**Dataset entries**

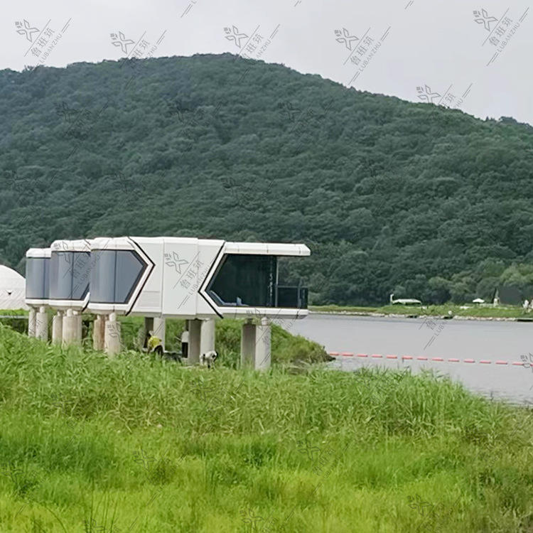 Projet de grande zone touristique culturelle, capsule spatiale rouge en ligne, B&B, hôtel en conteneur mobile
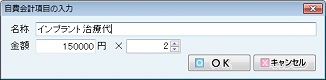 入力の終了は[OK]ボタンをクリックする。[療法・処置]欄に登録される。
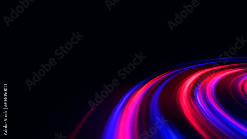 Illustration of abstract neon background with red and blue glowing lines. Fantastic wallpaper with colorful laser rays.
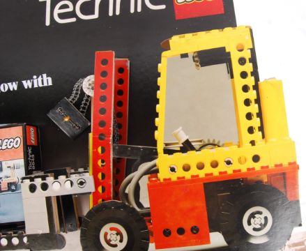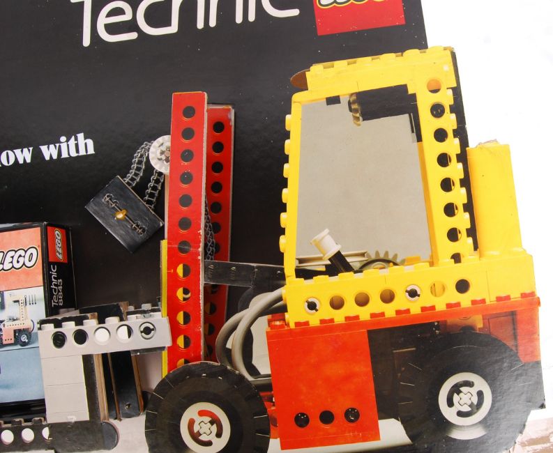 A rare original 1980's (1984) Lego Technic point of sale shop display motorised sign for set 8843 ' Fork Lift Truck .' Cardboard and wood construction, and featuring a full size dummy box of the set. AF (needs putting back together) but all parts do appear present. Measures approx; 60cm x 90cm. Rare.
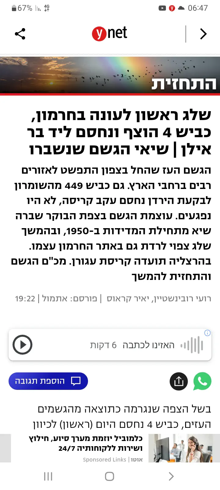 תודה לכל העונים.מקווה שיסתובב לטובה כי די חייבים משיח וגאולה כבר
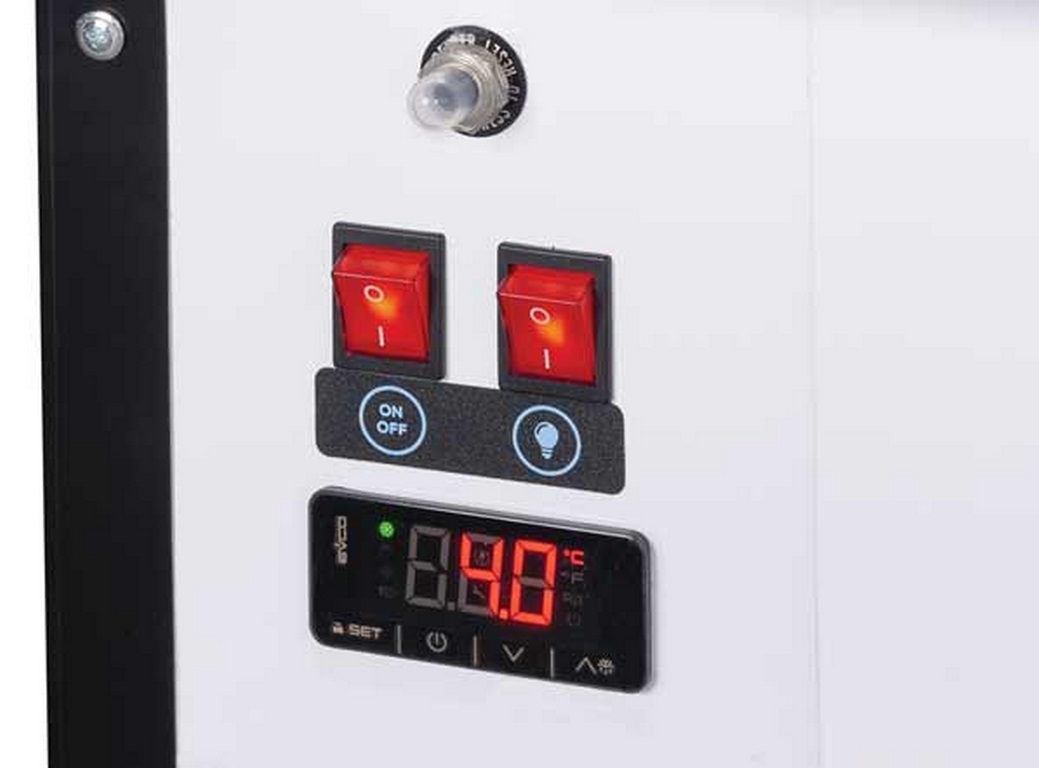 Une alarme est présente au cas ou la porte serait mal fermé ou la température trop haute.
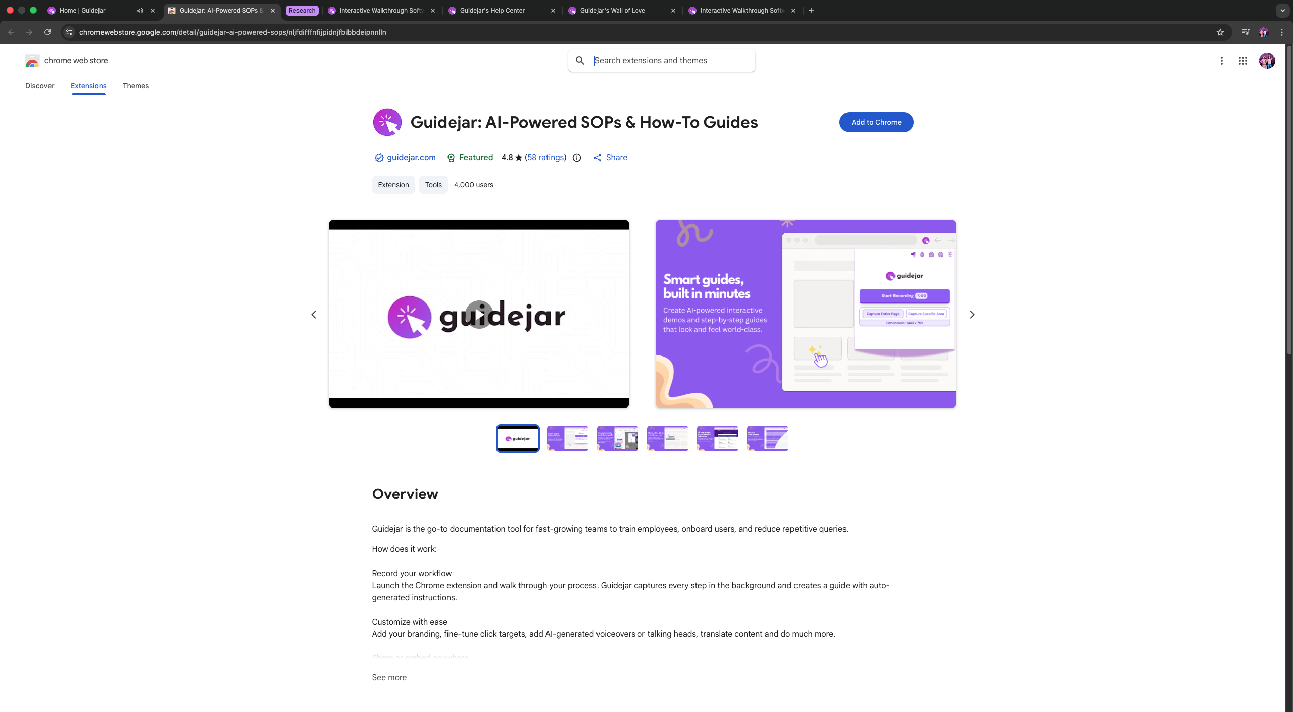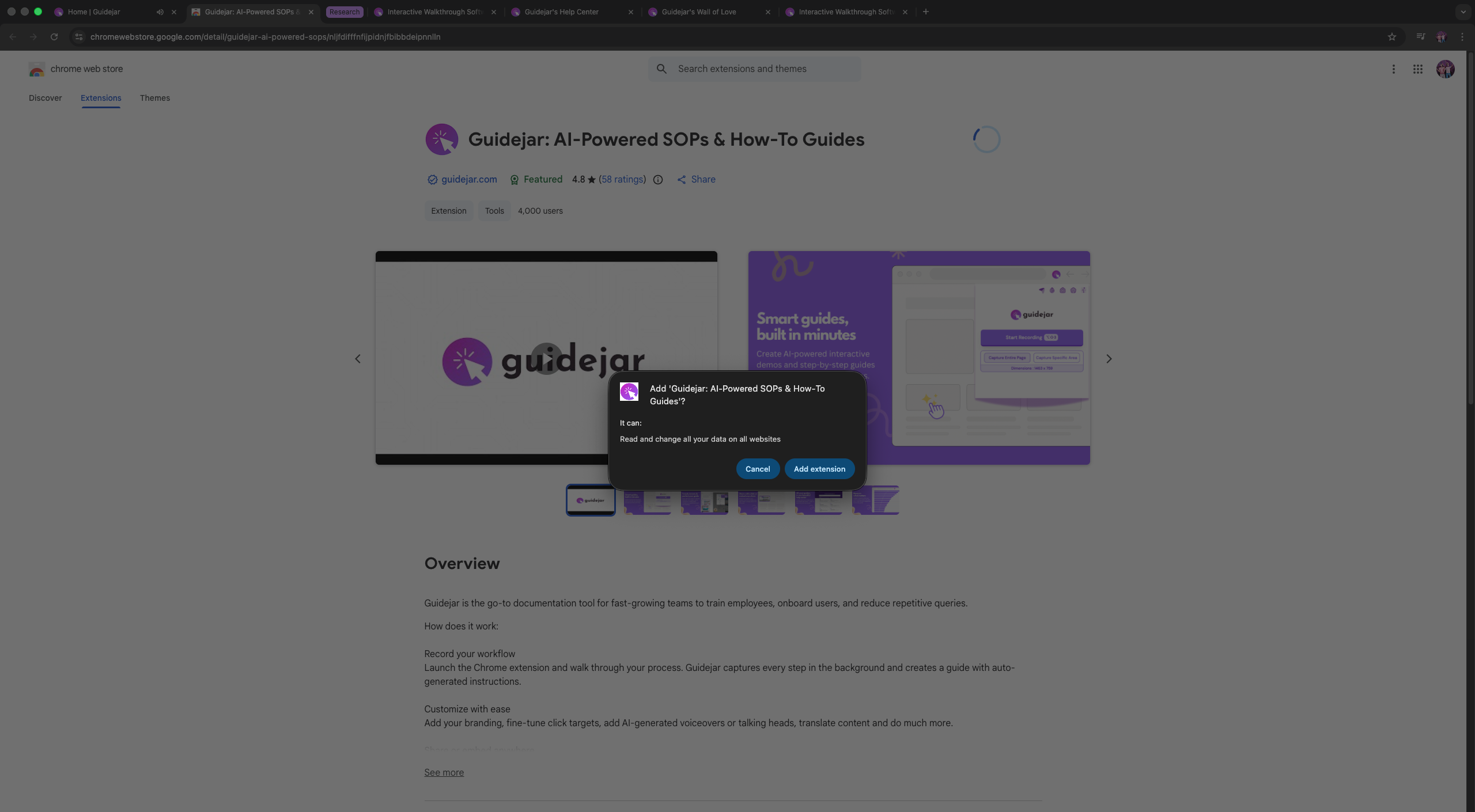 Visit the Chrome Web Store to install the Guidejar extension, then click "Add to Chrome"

**Prompt**
Where the line holding "תודה לכל העונים.מקווה" appears, start copying, and continue exactly through the last line of the listing, both ends included, skipping the pictures.

**Final answer**
 תודה לכל העונים.מקווה שיסתובב לטובה כי די חייבים משיח וגאולה כבר
 Une alarme est présente au cas ou la porte serait mal fermé ou la température trop haute.
 Visit the Chrome Web Store to install the Guidejar extension, then click "Add to Chrome"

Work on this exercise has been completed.